RECORDED DATA
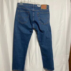Levi's Regular Fit (505) 36x30 Blue Jeans. Crafted from a comfortable cotton. Dark wash. Listed size: 36x30. Approximate hand measurements — waist: 36", inseam: 29.5". Gently worn with minimal signs of previous use.
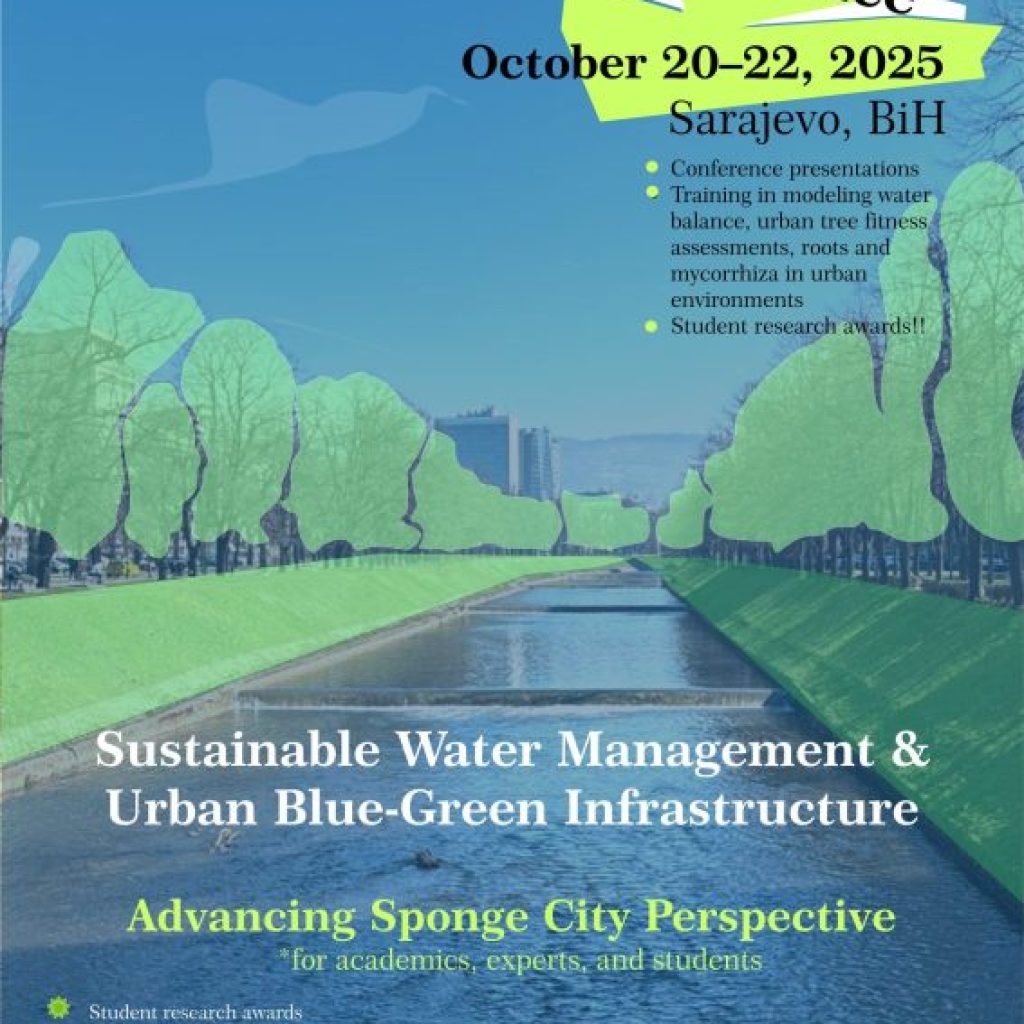 We are pleased to announce the international conference “Sustainable Water Management and Urban Blue-Green Infrastructure for Advancing Sponge City Perspectives in Bosnia and Herzegovina (SPONGE CITY-BH)”, which will take place in Sarajevo from October 20–22, 2025.
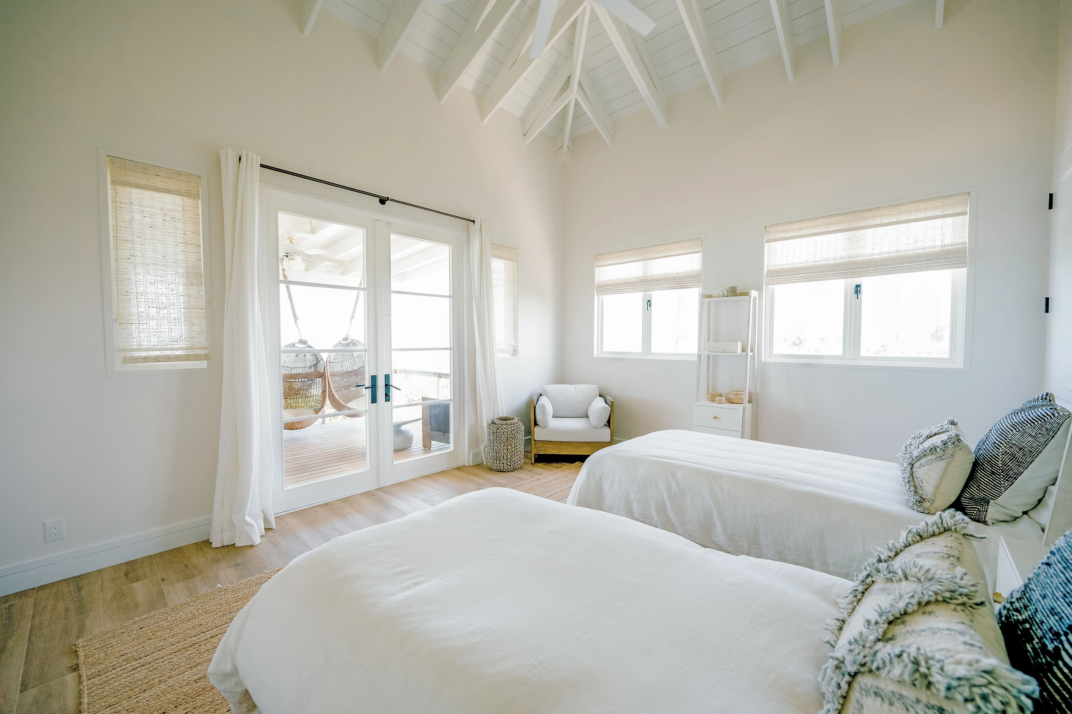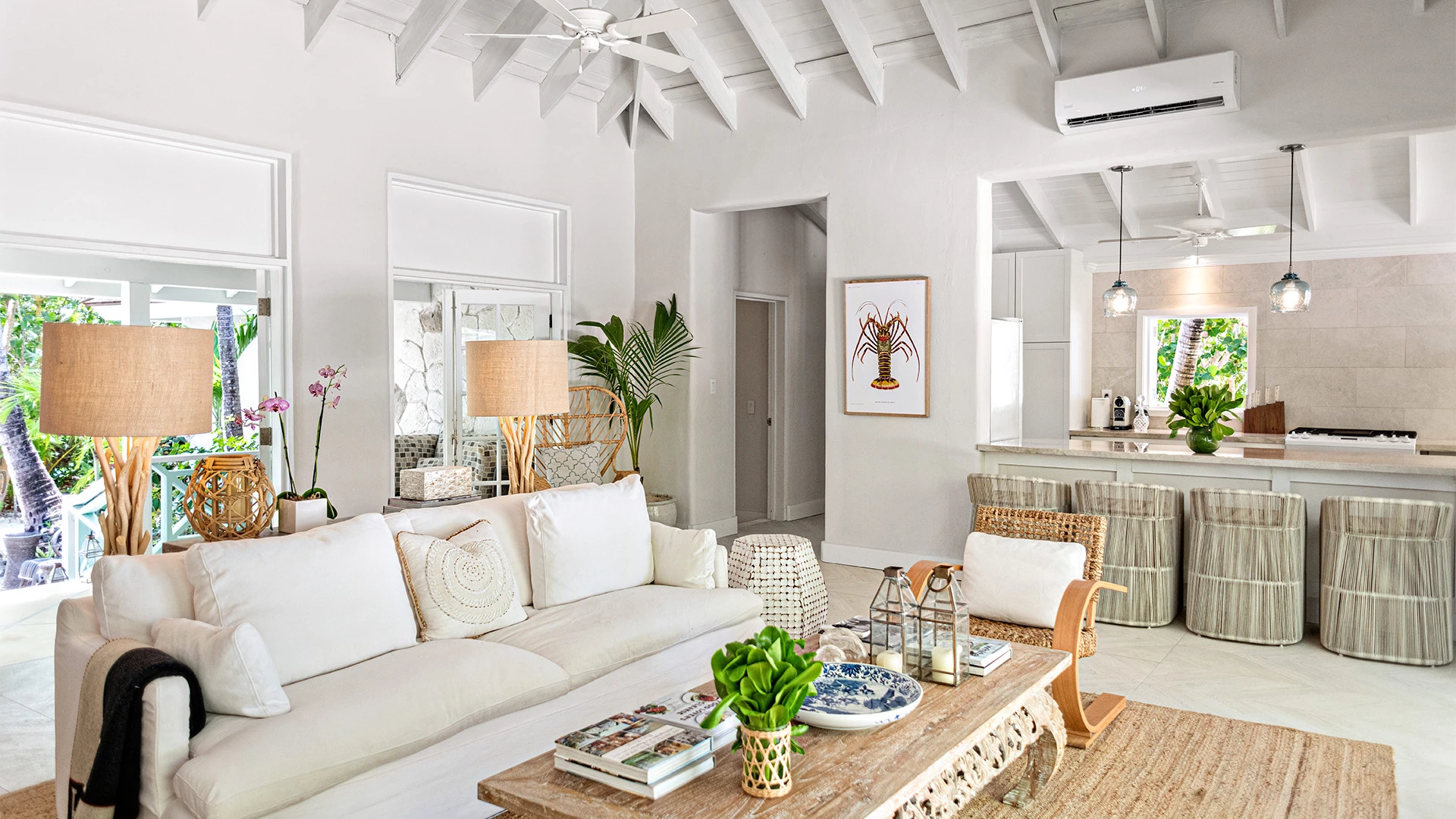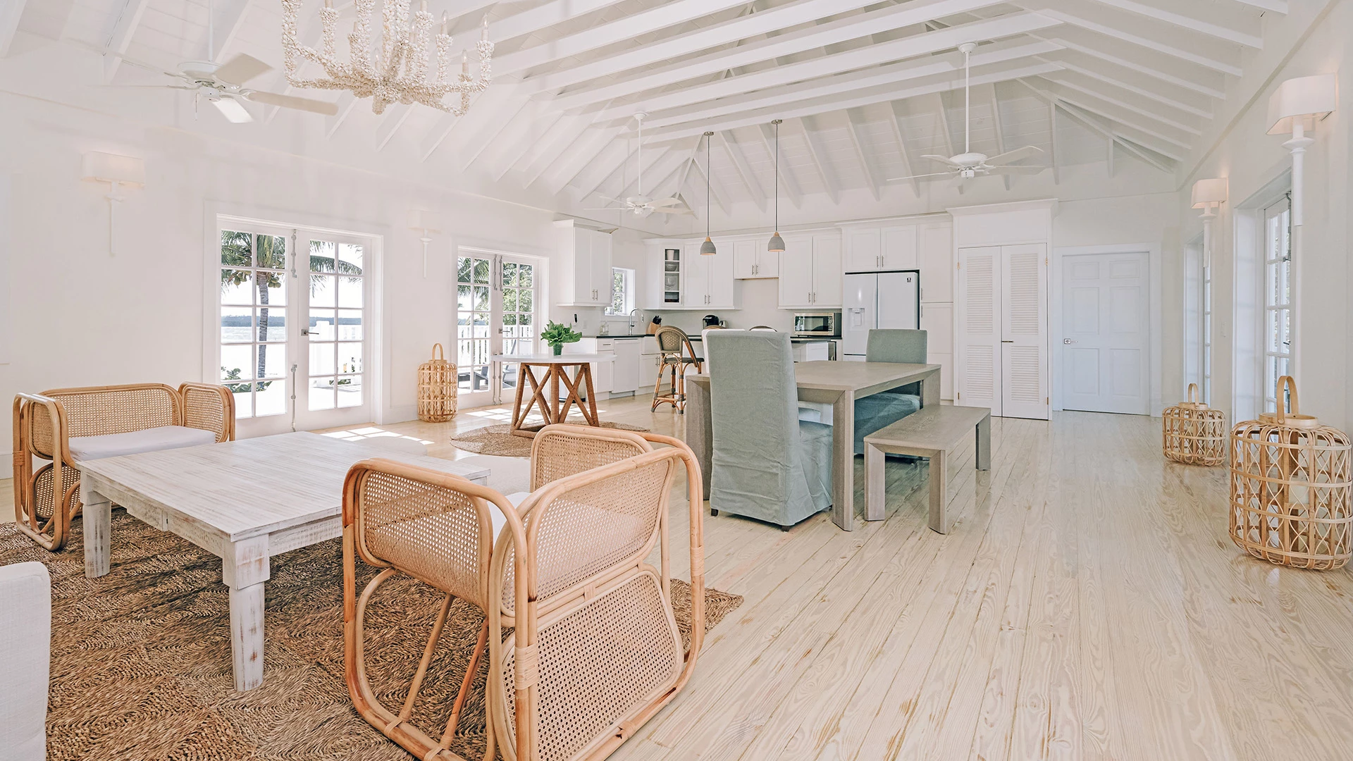 Vaulted, white-beamed ceilings amplify light and air throughout the open-plan living area, while wide French doors dissolve the boundary between indoors and out. The result is effortless indoor-outdoor living, with ocean views as a constant backdrop.

WORK TASK
When you reach an image, pass over it, and retype all other material exactly.

SOLUTION FOR THIS PROBLEM
Levi's Regular Fit (505) 36x30 Blue Jeans. Crafted from a comfortable cotton. Dark wash. Listed size: 36x30. Approximate hand measurements — waist: 36", inseam: 29.5". Gently worn with minimal signs of previous use.
 We are pleased to announce the international conference “Sustainable Water Management and Urban Blue-Green Infrastructure for Advancing Sponge City Perspectives in Bosnia and Herzegovina (SPONGE CITY-BH)”, which will take place in Sarajevo from October 20–22, 2025.
 Vaulted, white-beamed ceilings amplify light and air throughout the open-plan living area, while wide French doors dissolve the boundary between indoors and out. The result is effortless indoor-outdoor living, with ocean views as a constant backdrop.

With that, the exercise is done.